En el semen de un dios están la fiebre y el vértigo de todas las criaturas.
En un bazar secreto de un pueblo inaccesible, en una de las laderas de la cima más alta del cosmos, está el nombre exacto de Dios, pero es un pueblo de ciegos y la palabra dios está prohibida.
En la panza de una ballena está la mećanica celeste y el llanto de los bufones.
En la palma de la mano del hombre más pobre del mundo está el oro de las palabras y el oro de los besos.
En el aleteo de las mariposas de los bancales está el mapa del tiempo y el hondo dibujo de la luz pura.
En la memoria del poeta está la lluvia que azotó los patios de la antigüedad.


Los días de la mugre
Está el viento barriendo las palabras obscenas que ocupan las calles del primer mundo.
En las afueras, en donde la respiración poderosa de la tierra aviva el aire y lo encabrita de júbilo, allá en donde el poeta es el emperador de las constelaciones, el hambre no existe, pero los agoreros escriben su mantra y las fuerzas del orden asaltan las tertulias y queman las actas de la alegría recién izada.
Días viciados, días de galernas del alma amancebada y promiscua, ah tú gran poeta de las alturas blancas, tú sabes que en la noche las criaturas vuelven a su estado primordial y sueñan con el polvo de las estrellas y con los labios que se sacian en lo más húmedo del sexo, ah tú hermano humilde que paseas Amsterdam y ves putas que son princesas con cuatro gotas de carmín metafísico en la punta iridescente del alma.

Los días cósmicos
Algo flota en el aire que no es en esencia lo que respiramos y lo que se ahonda y nos perfora y, cercándonos, nos alimenta y eleva. Algo en absoluto aprehensible, de lo que nada sabemos y de lo que casi nada se confía en que podamos saber porque el aire, en el aire al que los perros ladran, no hay piedad ni hay consuelo. Solo hay un centinela voraz. Un vigía milenario. Un dios rudimentario y caprichoso. Un hijo de la gran puta con una saco de metáforas y un libro de encantamientos y de prodigios. Pero los pobres oyen los ladridos en mitad de la noche y el azar conversa con la razón y le pisa el cuello hasta que sangra. El cielo ha ardido. Los milagros suceden siempre en el corazón. Un extravío de caballos bajo la tormenta sacude el cielo de las primeras palabras.




posdata:
Gracias, Manolo. Nos estamos convirtiendo en sherpas.


13 comentarios:

Anónimo dijo...

Precioso Emilio, gracias a tí también.
Segu

Adriana Hernández dijo...

Precioso, coincido con Segu.
Me atraen los caballos como útil poético. Es más, estoy obsesionada con ese animal y con todo lo que significa, aunque no haya visto de cerca, lo suficientemente cerca, ninguno en mi vida.
No conocía a este poeta, del que ya he leído algo en la Red por tu escrito, magníficos los poemas. Ahora mismo voy a coger y poner en Favoritos este Espejo de los sueños. Gr-acias.

Manolo Delgado dijo...

Tremendo. Realmente impactante, Emilio. Me queda tan lejos y tan desconocida esta poesía, pero me ha sorprendido tanto...

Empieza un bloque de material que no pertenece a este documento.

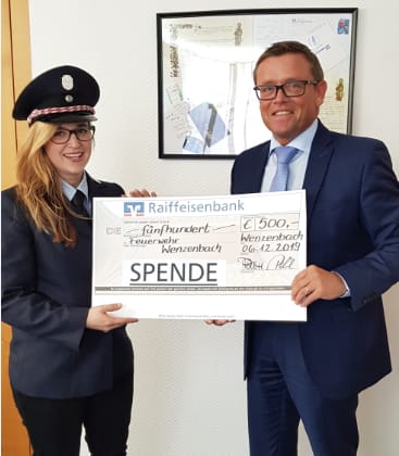 Am Montag, dem 09. Dezember 2019 überreichte Norbert Riederer, der Leiter der Raiffeisenbank-Geschäftsstelle in Wenzenbach, eine Spende über 500 Euro an Bettina Pfeilschifter, die erste Vorsitzende der FF Wenzenbach.

No tengas duda que tendré que leer, releer con calma esta entrada tuya en el espejo, que de verdad me ha sorprendido.

Emilio Calvo de Mora Villar dijo...

Gracias a ti, amigo. Siempre.

Los caballos vienen bien a la poesía. Se avienen a la escritura metafórica. Gracias por los comentarios, Adriana.

Recibí este libro como regalo y ha sido leído, con placer, y releído. He escrito estos poemas con muchísimo pudor. Lo interesante no son estos míos sino entrar en el libro de Sharma. Cosmopoética editó un libro magnífico, Manolo. No lo dudes.

Un abrazo.

Julia Ceballos dijo...

Son tuyos. Yo pensaba que los poemas eran de Sharma. De verdad que se confirma lo que ya pensaba, que eres un poeta como la copa de un pino cordobés. Hay muchos pinospor tu tierra, Emilio?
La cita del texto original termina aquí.